• The task:
Leaving pictures aside, set down each line exactly, from the first line of the data to the line with "- Keller, M.C.;", both included.

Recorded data

+--

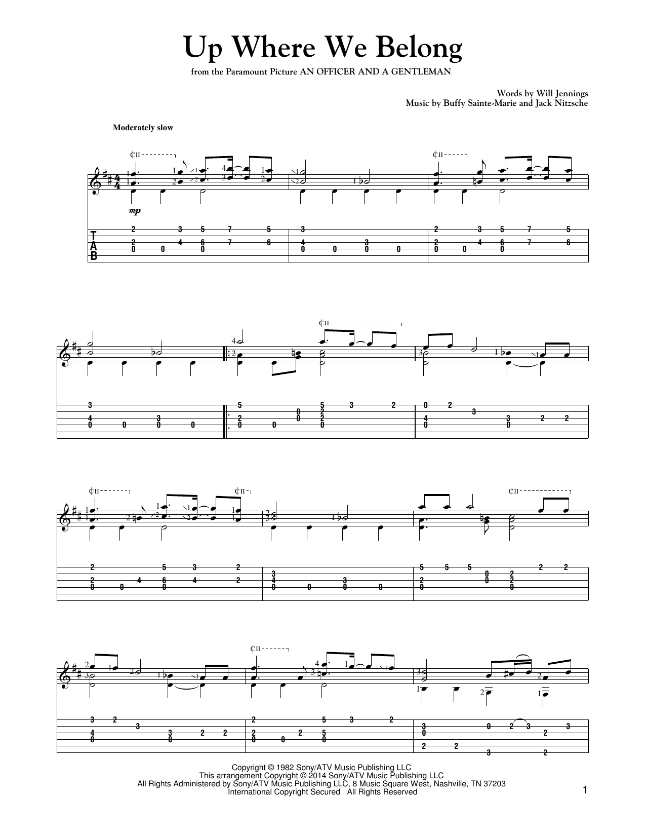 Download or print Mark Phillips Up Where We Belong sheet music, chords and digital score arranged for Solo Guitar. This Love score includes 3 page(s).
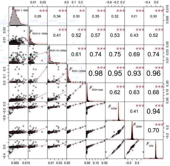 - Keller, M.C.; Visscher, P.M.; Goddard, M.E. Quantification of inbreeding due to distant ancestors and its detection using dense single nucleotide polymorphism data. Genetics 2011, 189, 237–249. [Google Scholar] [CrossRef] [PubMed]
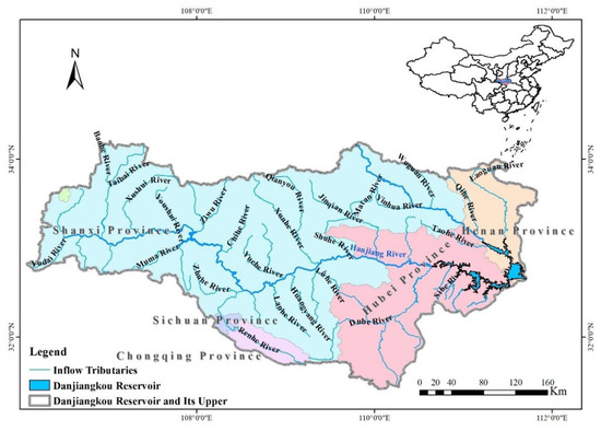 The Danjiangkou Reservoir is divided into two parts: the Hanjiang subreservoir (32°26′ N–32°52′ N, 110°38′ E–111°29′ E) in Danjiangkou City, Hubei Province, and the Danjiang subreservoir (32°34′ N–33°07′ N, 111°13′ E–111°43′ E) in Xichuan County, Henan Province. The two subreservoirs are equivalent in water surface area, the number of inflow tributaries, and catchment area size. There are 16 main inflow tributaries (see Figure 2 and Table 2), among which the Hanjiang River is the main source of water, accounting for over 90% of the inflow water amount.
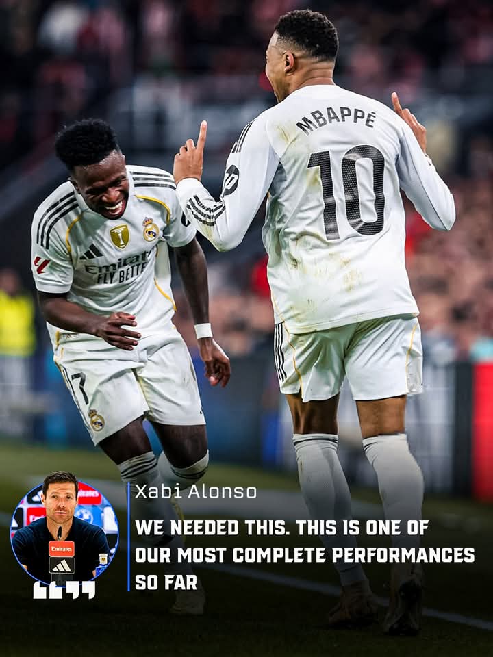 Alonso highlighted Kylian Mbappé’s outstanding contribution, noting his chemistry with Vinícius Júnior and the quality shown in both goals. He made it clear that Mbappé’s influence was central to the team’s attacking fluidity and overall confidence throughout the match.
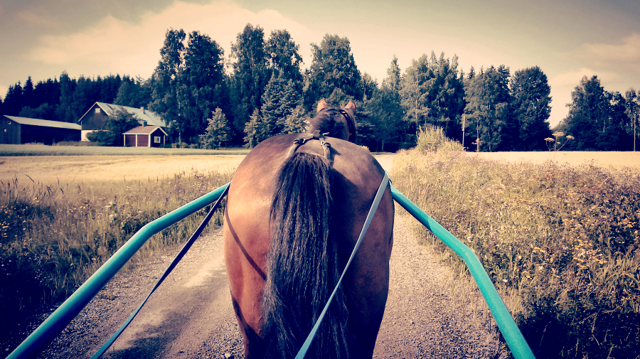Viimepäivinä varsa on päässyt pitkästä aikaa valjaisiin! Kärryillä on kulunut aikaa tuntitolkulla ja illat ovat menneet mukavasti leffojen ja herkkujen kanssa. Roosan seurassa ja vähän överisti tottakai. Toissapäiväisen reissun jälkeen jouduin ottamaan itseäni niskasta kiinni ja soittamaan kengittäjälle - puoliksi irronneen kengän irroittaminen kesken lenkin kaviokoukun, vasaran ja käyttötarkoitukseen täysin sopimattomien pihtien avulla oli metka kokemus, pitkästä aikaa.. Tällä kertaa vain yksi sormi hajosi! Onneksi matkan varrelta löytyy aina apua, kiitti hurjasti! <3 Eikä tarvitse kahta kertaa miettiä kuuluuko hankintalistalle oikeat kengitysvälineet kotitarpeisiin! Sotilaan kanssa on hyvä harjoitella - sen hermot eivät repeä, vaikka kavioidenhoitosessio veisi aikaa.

+--

• Your solution:
 Download or print Mark Phillips Up Where We Belong sheet music, chords and digital score arranged for Solo Guitar. This Love score includes 3 page(s).
 - Keller, M.C.; Visscher, P.M.; Goddard, M.E. Quantification of inbreeding due to distant ancestors and its detection using dense single nucleotide polymorphism data. Genetics 2011, 189, 237–249. [Google Scholar] [CrossRef] [PubMed]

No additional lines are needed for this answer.